That's why as intelligent beings we can make a conscious and objective decision to use a solar oven on a warm day with a bright sun, and not otherwise. That's why it is an option.
There is this almost maniacal focus on worst case scenarios, but what about the best-case ones? Or even the good case?
I'm kind of tired of bringing this up again and again, but we all know that Frame Generation does not work well with low base FPS, been there done that - I get it. But it is a whole different story when you use Frame Gen with 50FPS baseline and even more so at 90FPS baseline.

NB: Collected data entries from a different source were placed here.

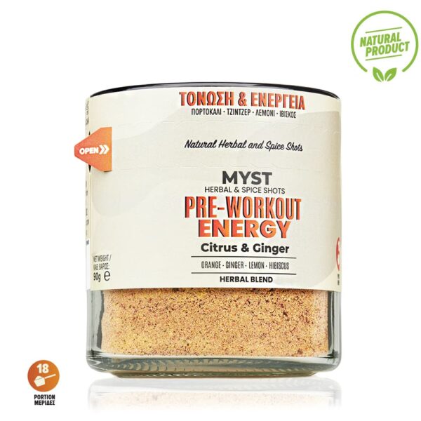 PRE-WORKOUT ENERGY is a clean, plant-based pre-training formula made from orange, hibiscus, ginger and mint. It provides fresh natural activation without caffeine, making it ideal for anyone wanting a light, clean and uplifting energy before exercise. Designed for focus, vitality and athletic clarity.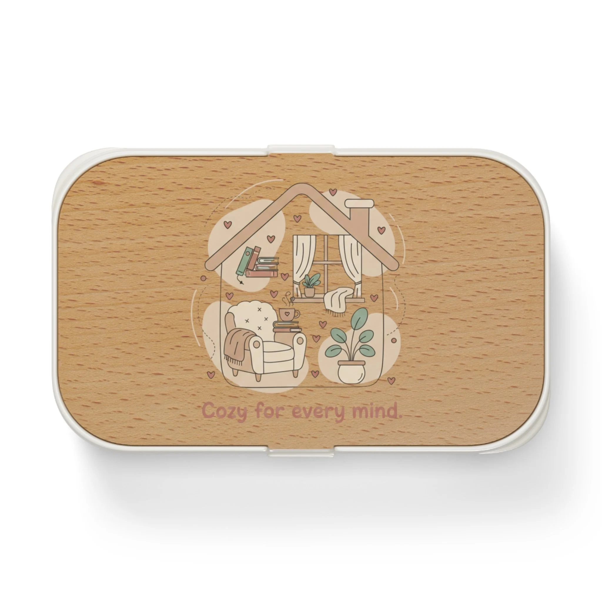 Bento Lunch Box — Cozy Home Illustration 'Cozy for every mind' Wooden Lid Lunchbox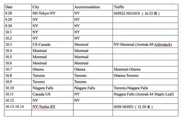 举个例子,之前十一在美东和加拿大,「多国+公共交通+城市游」的行程。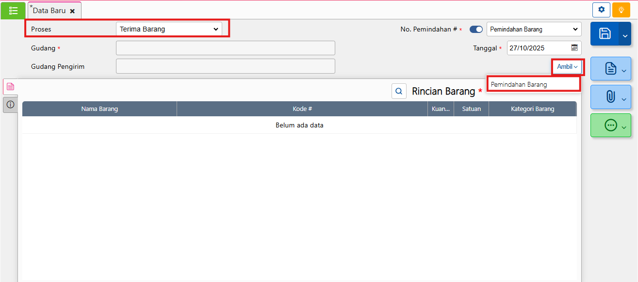 - Pilih proses Terima dan klik ambil dari pemindahan barang.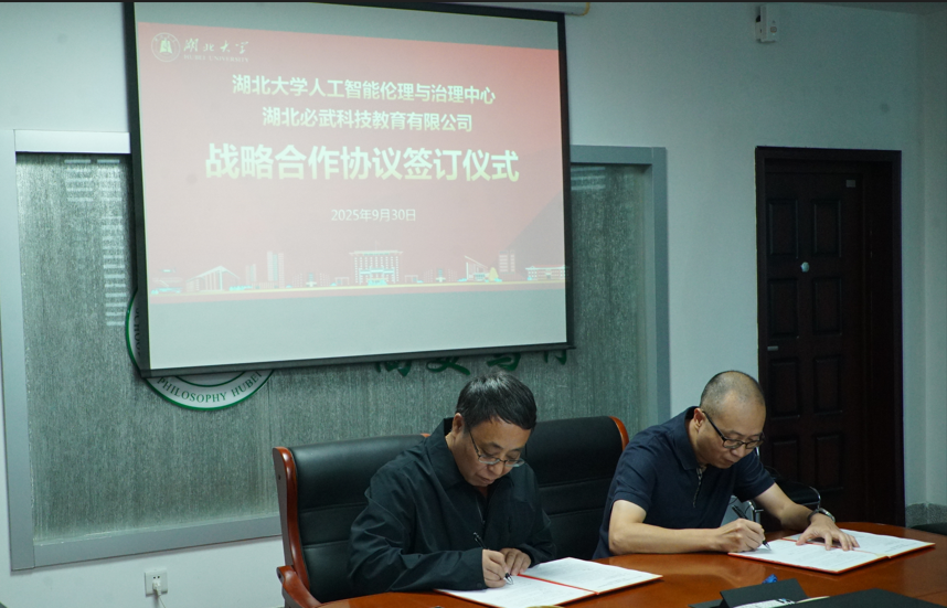 2025年9月30日,william威廉中文官网人工智能伦理与治理中心与湖北必武科技教育有限公司签订战略合作协议,双方同意一道探索智能时代的教育工作新模式,推动william威廉中文官网校级协同共同发展。

So, let's not sit here pretending as if you need some perfect "solar oven" situation to use Frame Gen to a good effect, it's quite reverse, as a matter of fact - things need to be really bad to begin with for Frame Gen not to be usable.
Amen! The "fake frames" crowd isn't trying to be objective and truthful, they're just yelling the same meme very loudly and pretending it's always correct. FG and MFG can and do break down at a certain point for sure.
Hello, Indiana Jones and the Great Circle, with Full RT enabled and DLSS Quality mode? That works, on an RTX 4080 Super, and gives about 60 FPS. Turn on framegen and you exceed the VRAM and it breaks. On the 5080, it just stopped responding. On the 4080 Super, it dropped to 18 FPS. But on the 4090, it went from 80 FPS to 110 FPS... which still isn't a great result.
That's one where I'd say the benefits of FG aren't high enough, at least with the old DLSS3 FG in that particular game. I feel like FG needs to give about a 40~50% boost to FPS, minimum, or it's a drawback. The increased latency overcomes the smoothing effect. And Nvidia (and AMD and Intel) know this and are working to make framegen algorithms run faster and look better.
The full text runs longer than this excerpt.